93 Louveau, C. (2002). Enquêter sur les pratiques sportives des français : tendances lourdes et problèmes

méthodologiques. In Enquête MS/ INSEP 2002. Les pratiques sportives en France : résultats de l’enquête menée en 200 par le Ministère des Sports & l’Institut National du Sport et de l’Education Physique.

surtout les femmes plus âgées ou issues de catégories socioprofessionnelles jusque là éloignées des pratiques sportives : agricultrices, ouvrières, commerçantes…Mais les pratiques se sont surtout diversifiées en s’ouvrant à des sociabilités différentes : Louveau décrit une privatisation des pratiques, dans le sens d’un engagement sportif autonome, individuel hors des associations ou des clubs, en famille, dans la rue. Elle souligne que cet essor de pratiques plus libres ne s’est pas développé au détriment des pratiques traditionnellement institutionnalisées mais a plutôt accompagné sa propre diversification : l’apparition de nouvelles activités à partir de formes sportives plus anciennes est caractéristique de l’évolution des dernières années : les formes de vélo, ski par exemple se sont multipliées par une modification des matériels, des lieux de pratiques et même les activités profondément olympiques et traditionnelles comme les sports collectifs n’ont pas échappé à cette diversification (beach-volley, sandball). Elle porte enfin l’accent sur la différenciation des pratiques : « les probabilités de faire du sport ou une activité physique, les disciplines choisies diffèrent selon le sexe, l’âge, l’origine sociale ainsi que la région d’habitation ». Elle note que si les taux de pratique des hommes et des femmes sont relativement proches actuellement, c’est parce que les femmes s’engagent dans des activités de loisir et d’entretien mais qu’elles sont assez rarement inscrites dans des sports institutionnalisés.

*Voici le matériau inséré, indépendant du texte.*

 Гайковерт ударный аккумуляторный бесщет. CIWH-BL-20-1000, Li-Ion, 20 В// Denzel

1.2.2. Des objectifs esthétiques et hygiéniques associés à des injonctions commerciales

Pour Louveau94, le développement incontestable des pratiques sportives féminines depuis les années 1970 s’explique par plusieurs raisons. L’entrée des femmes dans le monde du travail, l’essor des moyens de communication et des médias ont contribué à populariser et faire découvrir de nouvelles activités accessibles aux femmes, mais elle souligne surtout la forte pression exercée par les agences publicitaires, les journaux féminins, autour des aspects esthétiques corporels. Les injonctions à se maintenir sveltes, musclées, dynamiques, belles, assénées par les médias comme assurance d’un rayonnement, d’un épanouissement personnel, sentimental mais aussi professionnel, ont poussé massivement les femmes vers des pratiques à visée esthétique, des activités de type fitness, forme. La pratique d’un sport jusque là légitimée par la production d’une performance physique, s’est ouverte à d’autres objectifs plus hygiénistes, esthétiques mais aussi commerciaux qui ont séduit les femmes.

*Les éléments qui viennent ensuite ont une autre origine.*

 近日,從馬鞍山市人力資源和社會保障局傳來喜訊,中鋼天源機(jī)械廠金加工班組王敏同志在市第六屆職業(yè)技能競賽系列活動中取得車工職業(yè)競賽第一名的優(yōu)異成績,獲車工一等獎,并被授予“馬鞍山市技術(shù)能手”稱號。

Les jeunes filles optent en effet prioritairement pour les disciplines valorisant les aspects esthétiques ainsi que le bien être physique et mental. A l’âge adulte, les femmes sont des pratiquantes sportives de disciplines individuelles, peu médiatisées. Elles pratiquent en dehors

des clubs et privilégient des activités spontanées, familiales, non institutionnalisées, des activités d’entretien. Les activités physiques qui les concernent le plus sont la marche (ballade, randonnée), la natation, le vélo et la gymnastique95. Mais, la définition et le recensement des pratiques pose problème: Parmi les 20,1 millions de marcheurs96, on dénombre certes 57% de femmes, mais les jeunes de moins de 25 ans ne représentent que 11% de ces personnes. La gymnastique concernerait à elle seule 14% des sportifs français avec 5,1 millions de pratiquants97 mais en réalité seulement 231000 licenciés, en général jeunes, voire très jeunes. Il faut, en matière de pratiques sportives féminines prendre un point de vue particulier et dépasser la notion de possession de licence.

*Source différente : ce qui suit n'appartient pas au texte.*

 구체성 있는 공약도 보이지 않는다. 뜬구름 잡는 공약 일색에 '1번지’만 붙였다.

Parler de sport au féminin, ce n’est donc pas évoquer les sports olympiques (athlétisme, gymnastique, natation, sports collectifs…). Ces activités concernent dans la société une minorité de pratiquants dont les adeptes sont souvent des hommes. Pour Petrucci98, « seulement 3% de la population sportive ne fait que des disciplines qui donnent lieu à une épreuve aux Jeux Olympiques. Plus la pratique se concentre sur les disciplines olympiques moins les femmes sont présentes ».